A rural de Antônio Bedel vai rodando, na direção o próprio dono, que, segundo diz, entrou nessa e não consegue sair, só não vende o carro com os alto-falantes porque não há quem compre.

– Portanto, mossoroenses, ninguém em casa domingo à noite!

Zé Felix, até pelas 3 ou 4 da tarde, vai falando entusiasmado, para as crianças que saem nas portas. Antônio Bedel acelera o carro, muda de bairro. Diminui, o locutor recomeça:

– Mossoroense, escolha seu candidato de cabeça erguida!

Algumas crianças correm de encontro ao carro, dedão da mão direita levantado, sinal de que são verdes. Quem é encarnado vira o dedão para baixo e, se for corajoso, lança um palavrãozinho. Antonio Bedel explica:

– Já teve tempo do sujeito entrar na frente do carro armado de faca.

Dá uma olhada para os lados, engata uma marcha:

– A Revolução moralizou tudo isso.

Antonio Bedel, propagandista (político, comercial e religioso, desde que paguem), continua rodando Mossoró. Um pedestre que cruza diz alguma coisa e dá um murro no capô da perua.

– Esse aí é da política contrária?

– Não. Esse é nosso. Mas tabêbo como o diabo.

Planejamento

Fazer um comício, contratar a propaganda, tirar as licenças, encomendar o foguetório, cuidar da iluminação, do som, da estação de rádio, contratar os músicos, tratar caminhão para ir buscar gente no sítio, mandar pintar faixa e cartaz, tudo isso, se supõe, dá muito trabalho. Quem deve providenciar é o partido, no caso o MDB. Mas não foi.

Comício verde, em Mossoró, esteja o verde com a Arena, como já esteve, ou com o MDB, como está, quem organiza é aquele discutido e já aqui mencionado grupo de senhoras que, juntas, chamam a si mesmas de senado, sem medo do ridículo, muito orgulhosas do título de senadoras.

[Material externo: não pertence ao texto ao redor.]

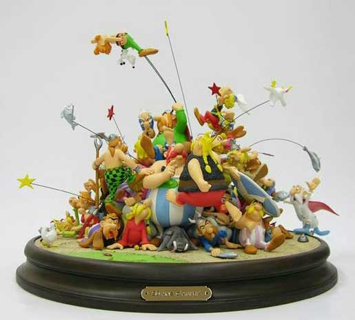 Attakus, ein französischer Hersteller von hochwertigen Kunstharz-Figuren, erwarb 2009 die Rechte der Edition Albert-René für die Herstellung von Kunstharz-Figuren mit Asterix-Motiven. Noch bevor 2010 und 2011 verschiedene Büsten mit Motiven aus der Asterix-Serie erschienen, wurde zum 50. Asterix-Geburtstag ein 9 Kilogramm schweres, 42 x 37 x 31 Zentimeter großes Diorama veröffentlicht, das imposant eine Fischschlacht des Dorfes mit vielen Charakteren in einer Limitierung von 500 Exemplaren darstellt (Detailansicht). Der stolze Neupreis betrug 1.500 Euro. Das Zertifikat, das man als Käufer mit dem Diorama erhielt, ist ebenfalls sehenswert.

Apelido que foi dado por um velho matreiro, raposão da política, hoje aposentado. Aconteceu que esse político, numa campanha, não tinha apoio de nenhum senador. E, num comício em Mossoró, percebeu que algumas mulheres da cidade tinham ajudado na organização. Professor da arte de agradar pessoas, não perdeu a oportunidade. Olhou para a claque, viu aquelas respeitadas senhoras, na posição do gargarejo:

– E pra que eu preciso de senador? Se eu tenho o meu senado, representado aqui por estas minhas tão trabalhadoras amigas de Mossoró!

Acredite quem quiser, mas é a mais pura verdade: elas levaram a sério e até hoje estão trabalhando de graça e sem muito objetivo.

Tanto assim que, na sexta-feira, mesmo dia e hora em que Zé Felix berrava pela cidade, duas delas andavam esbaforidas, atrás dos músicos, batuqueiros e tudo o mais. E o QG dessas senhoras, que, pela lógica, deveria ser no partido, estava instalado na casa de Motinha.

Na casa de Motinha, todas as portas abertas, circulam elas, as organizadoras em geral, candidatos a todo tipo de cargo e pedintes. A dona da casa, esposa de Motinha, ao que se saiba nunca reclamou. Verdade que ela não se preocupa nem um pouco em ser hospitaleira, como de resto grande parte do povo de Mossoró, e também que um visitante menos avisado pode pensar que ela é muda. Masela fala.

Trabalho

Luís Pereira, o fogueteiro, começou seu trabalho também na sexta de tarde, e tratou de correr, pois não tinha quase nada pronto:

– Minino de agora tá tudo abestado. Antigamente via foguete, ia atrás. Agora, eles querem saber é de comprar picolé.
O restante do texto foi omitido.